• **Your task**:
Reproduce exactly, from the data that follows, the line with "Las naves no", the line with "Podwieszane ramy z", and every line that lies between them.

• **Data supplied**:
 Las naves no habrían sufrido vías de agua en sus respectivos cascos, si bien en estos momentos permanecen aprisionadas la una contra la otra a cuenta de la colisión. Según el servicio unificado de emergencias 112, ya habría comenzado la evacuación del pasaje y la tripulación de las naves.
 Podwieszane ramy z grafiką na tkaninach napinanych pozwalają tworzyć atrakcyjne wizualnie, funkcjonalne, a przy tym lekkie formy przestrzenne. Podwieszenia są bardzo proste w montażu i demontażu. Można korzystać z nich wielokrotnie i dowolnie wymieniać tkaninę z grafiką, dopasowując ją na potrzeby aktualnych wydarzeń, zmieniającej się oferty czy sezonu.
...
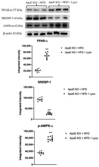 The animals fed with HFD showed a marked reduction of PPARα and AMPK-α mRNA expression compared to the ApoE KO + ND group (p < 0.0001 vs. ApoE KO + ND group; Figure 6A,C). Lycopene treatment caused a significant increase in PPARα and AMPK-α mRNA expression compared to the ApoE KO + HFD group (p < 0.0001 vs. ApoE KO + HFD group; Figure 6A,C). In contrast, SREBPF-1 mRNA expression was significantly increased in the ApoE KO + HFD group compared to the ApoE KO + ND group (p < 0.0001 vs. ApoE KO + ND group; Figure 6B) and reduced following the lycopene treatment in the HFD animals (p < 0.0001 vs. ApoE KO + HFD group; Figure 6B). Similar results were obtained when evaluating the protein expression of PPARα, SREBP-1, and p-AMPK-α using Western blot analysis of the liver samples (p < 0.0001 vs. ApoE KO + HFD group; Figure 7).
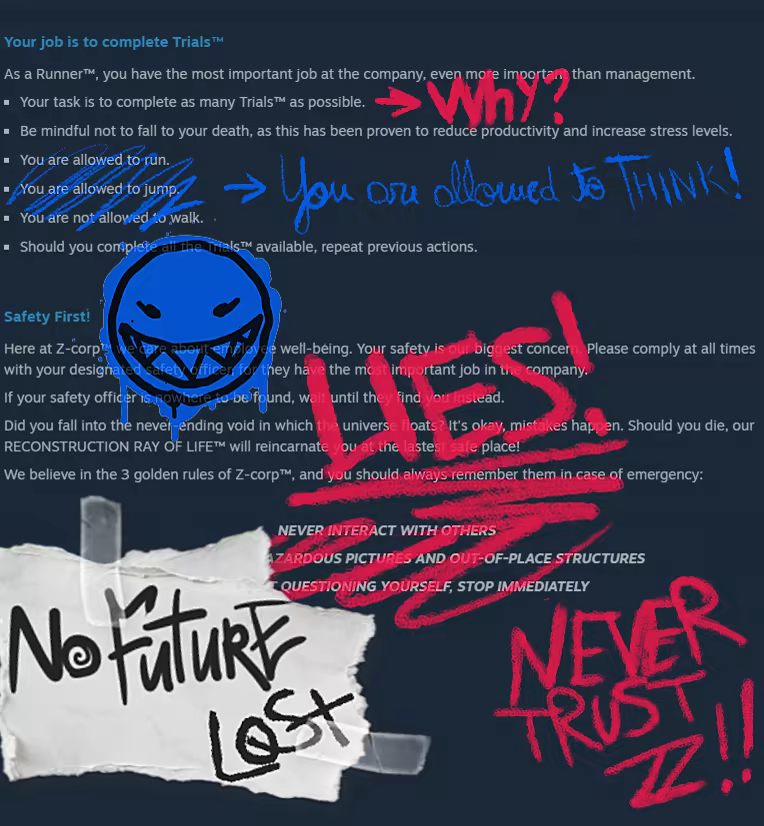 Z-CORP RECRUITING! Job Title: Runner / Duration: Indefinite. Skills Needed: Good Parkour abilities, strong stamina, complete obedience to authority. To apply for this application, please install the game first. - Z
* * *
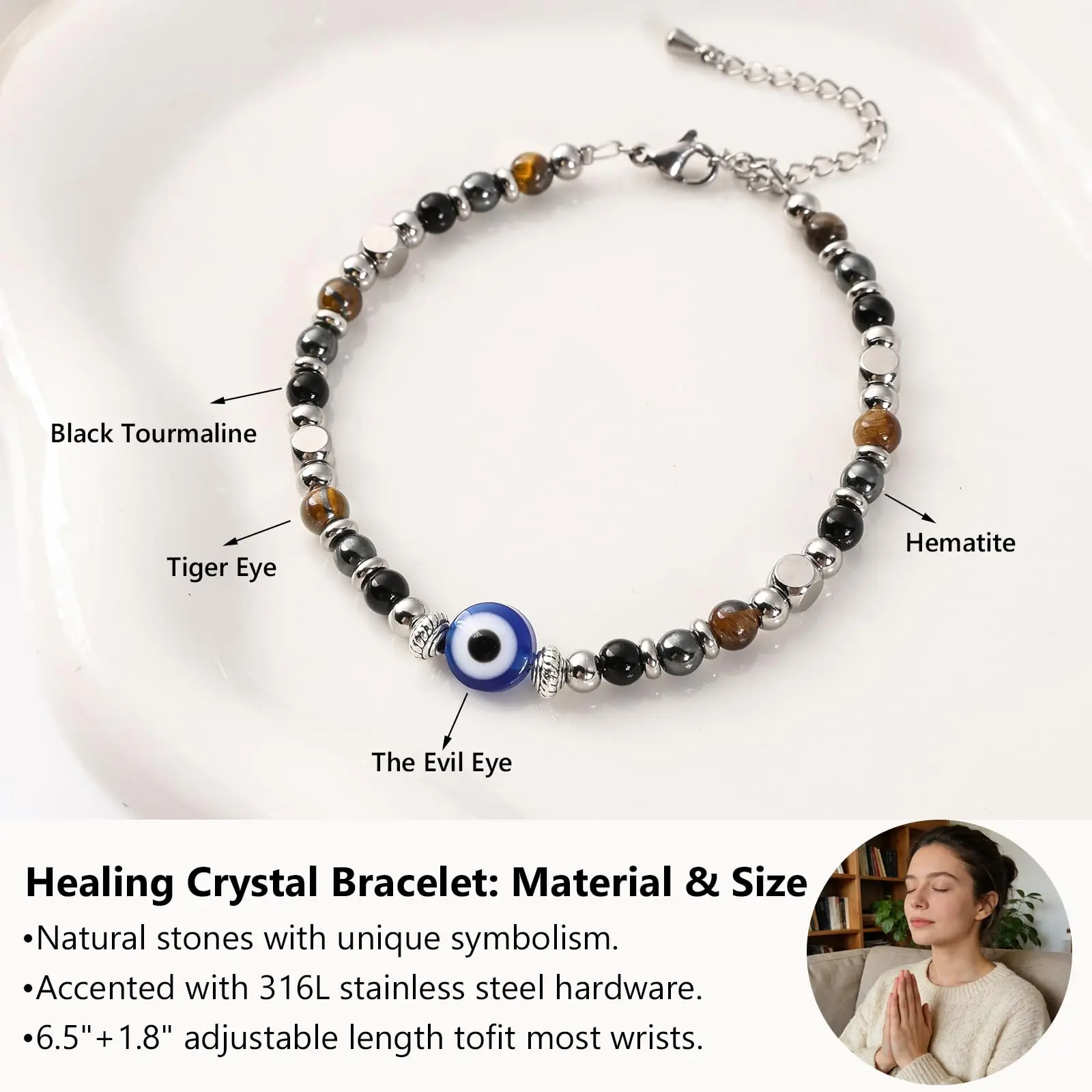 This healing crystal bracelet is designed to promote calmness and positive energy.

• **Answer**:
 Las naves no habrían sufrido vías de agua en sus respectivos cascos, si bien en estos momentos permanecen aprisionadas la una contra la otra a cuenta de la colisión. Según el servicio unificado de emergencias 112, ya habría comenzado la evacuación del pasaje y la tripulación de las naves.
 Podwieszane ramy z grafiką na tkaninach napinanych pozwalają tworzyć atrakcyjne wizualnie, funkcjonalne, a przy tym lekkie formy przestrzenne. Podwieszenia są bardzo proste w montażu i demontażu. Można korzystać z nich wielokrotnie i dowolnie wymieniać tkaninę z grafiką, dopasowując ją na potrzeby aktualnych wydarzeń, zmieniającej się oferty czy sezonu.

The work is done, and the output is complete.